╭──
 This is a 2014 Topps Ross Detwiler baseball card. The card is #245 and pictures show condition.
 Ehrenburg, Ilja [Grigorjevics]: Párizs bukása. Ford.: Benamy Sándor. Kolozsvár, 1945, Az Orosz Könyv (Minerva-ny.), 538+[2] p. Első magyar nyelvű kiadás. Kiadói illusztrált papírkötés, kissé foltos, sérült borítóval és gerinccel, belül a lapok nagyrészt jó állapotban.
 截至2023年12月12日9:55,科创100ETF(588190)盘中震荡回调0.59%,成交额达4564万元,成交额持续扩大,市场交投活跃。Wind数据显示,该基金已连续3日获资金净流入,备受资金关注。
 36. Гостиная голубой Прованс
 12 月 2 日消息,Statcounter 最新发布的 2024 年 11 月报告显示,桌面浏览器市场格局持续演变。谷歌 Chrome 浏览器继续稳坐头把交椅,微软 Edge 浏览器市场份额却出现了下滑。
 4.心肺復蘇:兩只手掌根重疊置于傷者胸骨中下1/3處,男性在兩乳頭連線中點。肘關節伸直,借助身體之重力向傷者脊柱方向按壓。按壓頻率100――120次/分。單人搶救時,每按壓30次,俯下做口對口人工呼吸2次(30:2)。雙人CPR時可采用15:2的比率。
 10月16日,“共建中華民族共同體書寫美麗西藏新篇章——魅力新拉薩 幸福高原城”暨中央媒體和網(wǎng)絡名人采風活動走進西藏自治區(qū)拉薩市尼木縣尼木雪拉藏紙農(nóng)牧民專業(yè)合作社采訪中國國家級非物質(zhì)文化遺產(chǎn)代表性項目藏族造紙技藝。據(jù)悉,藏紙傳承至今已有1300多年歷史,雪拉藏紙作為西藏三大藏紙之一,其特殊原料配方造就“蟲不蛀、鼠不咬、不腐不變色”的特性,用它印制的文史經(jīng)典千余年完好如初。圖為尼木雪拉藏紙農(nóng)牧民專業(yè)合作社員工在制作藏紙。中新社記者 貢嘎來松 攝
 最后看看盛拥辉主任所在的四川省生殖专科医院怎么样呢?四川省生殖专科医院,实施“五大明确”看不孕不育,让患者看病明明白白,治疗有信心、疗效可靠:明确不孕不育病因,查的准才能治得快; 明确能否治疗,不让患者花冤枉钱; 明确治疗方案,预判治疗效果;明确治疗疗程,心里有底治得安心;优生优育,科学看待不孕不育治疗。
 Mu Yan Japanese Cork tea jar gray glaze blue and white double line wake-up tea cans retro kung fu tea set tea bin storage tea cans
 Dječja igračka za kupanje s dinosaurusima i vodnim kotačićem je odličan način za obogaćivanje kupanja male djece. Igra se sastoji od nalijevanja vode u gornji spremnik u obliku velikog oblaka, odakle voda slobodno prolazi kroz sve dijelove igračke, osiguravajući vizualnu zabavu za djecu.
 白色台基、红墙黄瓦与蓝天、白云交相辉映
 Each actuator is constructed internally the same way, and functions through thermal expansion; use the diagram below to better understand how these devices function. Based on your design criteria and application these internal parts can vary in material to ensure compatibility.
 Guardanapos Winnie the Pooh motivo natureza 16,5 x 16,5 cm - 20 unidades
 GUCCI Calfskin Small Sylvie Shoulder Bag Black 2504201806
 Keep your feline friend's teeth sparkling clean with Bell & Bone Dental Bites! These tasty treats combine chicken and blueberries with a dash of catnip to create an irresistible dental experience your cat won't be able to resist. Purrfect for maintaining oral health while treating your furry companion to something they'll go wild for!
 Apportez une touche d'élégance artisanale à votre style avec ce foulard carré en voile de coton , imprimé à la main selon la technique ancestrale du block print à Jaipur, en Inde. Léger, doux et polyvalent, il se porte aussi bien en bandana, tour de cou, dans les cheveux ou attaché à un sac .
╰──
> PROBLEM STATEMENT
Each line from the start of the listing above through the line containing "GUCCI Calfskin Small" must be reproduced exactly. Leave out the rest.

> EXERCISE OUTPUT
 This is a 2014 Topps Ross Detwiler baseball card. The card is #245 and pictures show condition.
 Ehrenburg, Ilja [Grigorjevics]: Párizs bukása. Ford.: Benamy Sándor. Kolozsvár, 1945, Az Orosz Könyv (Minerva-ny.), 538+[2] p. Első magyar nyelvű kiadás. Kiadói illusztrált papírkötés, kissé foltos, sérült borítóval és gerinccel, belül a lapok nagyrészt jó állapotban.
 截至2023年12月12日9:55,科创100ETF(588190)盘中震荡回调0.59%,成交额达4564万元,成交额持续扩大,市场交投活跃。Wind数据显示,该基金已连续3日获资金净流入,备受资金关注。
 36. Гостиная голубой Прованс
 12 月 2 日消息,Statcounter 最新发布的 2024 年 11 月报告显示,桌面浏览器市场格局持续演变。谷歌 Chrome 浏览器继续稳坐头把交椅,微软 Edge 浏览器市场份额却出现了下滑。
 4.心肺復蘇:兩只手掌根重疊置于傷者胸骨中下1/3處,男性在兩乳頭連線中點。肘關節伸直,借助身體之重力向傷者脊柱方向按壓。按壓頻率100――120次/分。單人搶救時,每按壓30次,俯下做口對口人工呼吸2次(30:2)。雙人CPR時可采用15:2的比率。
 10月16日,“共建中華民族共同體書寫美麗西藏新篇章——魅力新拉薩 幸福高原城”暨中央媒體和網(wǎng)絡名人采風活動走進西藏自治區(qū)拉薩市尼木縣尼木雪拉藏紙農(nóng)牧民專業(yè)合作社采訪中國國家級非物質(zhì)文化遺產(chǎn)代表性項目藏族造紙技藝。據(jù)悉,藏紙傳承至今已有1300多年歷史,雪拉藏紙作為西藏三大藏紙之一,其特殊原料配方造就“蟲不蛀、鼠不咬、不腐不變色”的特性,用它印制的文史經(jīng)典千余年完好如初。圖為尼木雪拉藏紙農(nóng)牧民專業(yè)合作社員工在制作藏紙。中新社記者 貢嘎來松 攝
 最后看看盛拥辉主任所在的四川省生殖专科医院怎么样呢?四川省生殖专科医院,实施“五大明确”看不孕不育,让患者看病明明白白,治疗有信心、疗效可靠:明确不孕不育病因,查的准才能治得快; 明确能否治疗,不让患者花冤枉钱; 明确治疗方案,预判治疗效果;明确治疗疗程,心里有底治得安心;优生优育,科学看待不孕不育治疗。
 Mu Yan Japanese Cork tea jar gray glaze blue and white double line wake-up tea cans retro kung fu tea set tea bin storage tea cans
 Dječja igračka za kupanje s dinosaurusima i vodnim kotačićem je odličan način za obogaćivanje kupanja male djece. Igra se sastoji od nalijevanja vode u gornji spremnik u obliku velikog oblaka, odakle voda slobodno prolazi kroz sve dijelove igračke, osiguravajući vizualnu zabavu za djecu.
 白色台基、红墙黄瓦与蓝天、白云交相辉映
 Each actuator is constructed internally the same way, and functions through thermal expansion; use the diagram below to better understand how these devices function. Based on your design criteria and application these internal parts can vary in material to ensure compatibility.
 Guardanapos Winnie the Pooh motivo natureza 16,5 x 16,5 cm - 20 unidades
 GUCCI Calfskin Small Sylvie Shoulder Bag Black 2504201806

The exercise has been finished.